■ **Task item**: Instruction for the data below: set down exactly the lines from the line with "牛肉のやつはバジルが効いてて" to the line with "Conheça a solução", inclusive, and no others.

■ **Listed entries**:
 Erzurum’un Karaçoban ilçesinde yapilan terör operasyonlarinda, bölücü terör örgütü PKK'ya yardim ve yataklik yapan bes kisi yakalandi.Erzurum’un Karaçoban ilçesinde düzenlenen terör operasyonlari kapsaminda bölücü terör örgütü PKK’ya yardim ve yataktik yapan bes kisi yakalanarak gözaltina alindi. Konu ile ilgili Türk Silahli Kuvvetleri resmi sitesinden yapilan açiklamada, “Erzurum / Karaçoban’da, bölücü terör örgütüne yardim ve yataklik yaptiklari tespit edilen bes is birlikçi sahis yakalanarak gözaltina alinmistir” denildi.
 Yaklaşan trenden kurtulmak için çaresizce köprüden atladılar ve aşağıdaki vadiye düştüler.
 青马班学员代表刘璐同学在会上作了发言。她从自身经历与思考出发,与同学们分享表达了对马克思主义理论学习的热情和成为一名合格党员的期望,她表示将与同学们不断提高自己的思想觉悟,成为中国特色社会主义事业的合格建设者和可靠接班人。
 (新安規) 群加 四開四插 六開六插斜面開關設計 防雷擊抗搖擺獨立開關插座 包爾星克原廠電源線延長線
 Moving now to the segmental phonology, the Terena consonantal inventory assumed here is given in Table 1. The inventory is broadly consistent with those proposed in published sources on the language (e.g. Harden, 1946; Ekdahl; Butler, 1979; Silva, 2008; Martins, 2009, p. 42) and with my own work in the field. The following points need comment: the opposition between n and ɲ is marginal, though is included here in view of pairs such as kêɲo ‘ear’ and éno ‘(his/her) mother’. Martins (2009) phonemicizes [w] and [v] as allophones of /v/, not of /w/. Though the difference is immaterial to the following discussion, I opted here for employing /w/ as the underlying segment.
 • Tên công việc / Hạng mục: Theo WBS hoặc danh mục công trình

...

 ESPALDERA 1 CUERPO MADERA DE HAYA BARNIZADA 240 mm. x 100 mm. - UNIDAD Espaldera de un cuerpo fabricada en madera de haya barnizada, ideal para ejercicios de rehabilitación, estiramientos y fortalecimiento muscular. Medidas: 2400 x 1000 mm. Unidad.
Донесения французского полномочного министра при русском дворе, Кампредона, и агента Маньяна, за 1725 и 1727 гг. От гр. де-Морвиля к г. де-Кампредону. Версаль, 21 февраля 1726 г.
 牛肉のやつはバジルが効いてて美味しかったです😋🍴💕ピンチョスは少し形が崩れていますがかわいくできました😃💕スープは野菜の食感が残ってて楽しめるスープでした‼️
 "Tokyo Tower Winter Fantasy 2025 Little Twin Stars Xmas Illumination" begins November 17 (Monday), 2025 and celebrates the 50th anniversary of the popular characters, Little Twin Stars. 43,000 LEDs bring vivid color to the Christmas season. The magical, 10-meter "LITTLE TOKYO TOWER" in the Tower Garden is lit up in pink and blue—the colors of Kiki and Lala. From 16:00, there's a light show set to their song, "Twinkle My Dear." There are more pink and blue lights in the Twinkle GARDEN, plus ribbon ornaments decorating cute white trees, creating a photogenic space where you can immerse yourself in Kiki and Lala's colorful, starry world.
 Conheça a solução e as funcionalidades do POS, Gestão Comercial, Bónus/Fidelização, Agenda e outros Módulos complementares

■ **Expected output**:
 牛肉のやつはバジルが効いてて美味しかったです😋🍴💕ピンチョスは少し形が崩れていますがかわいくできました😃💕スープは野菜の食感が残ってて楽しめるスープでした‼️
 "Tokyo Tower Winter Fantasy 2025 Little Twin Stars Xmas Illumination" begins November 17 (Monday), 2025 and celebrates the 50th anniversary of the popular characters, Little Twin Stars. 43,000 LEDs bring vivid color to the Christmas season. The magical, 10-meter "LITTLE TOKYO TOWER" in the Tower Garden is lit up in pink and blue—the colors of Kiki and Lala. From 16:00, there's a light show set to their song, "Twinkle My Dear." There are more pink and blue lights in the Twinkle GARDEN, plus ribbon ornaments decorating cute white trees, creating a photogenic space where you can immerse yourself in Kiki and Lala's colorful, starry world.
 Conheça a solução e as funcionalidades do POS, Gestão Comercial, Bónus/Fidelização, Agenda e outros Módulos complementares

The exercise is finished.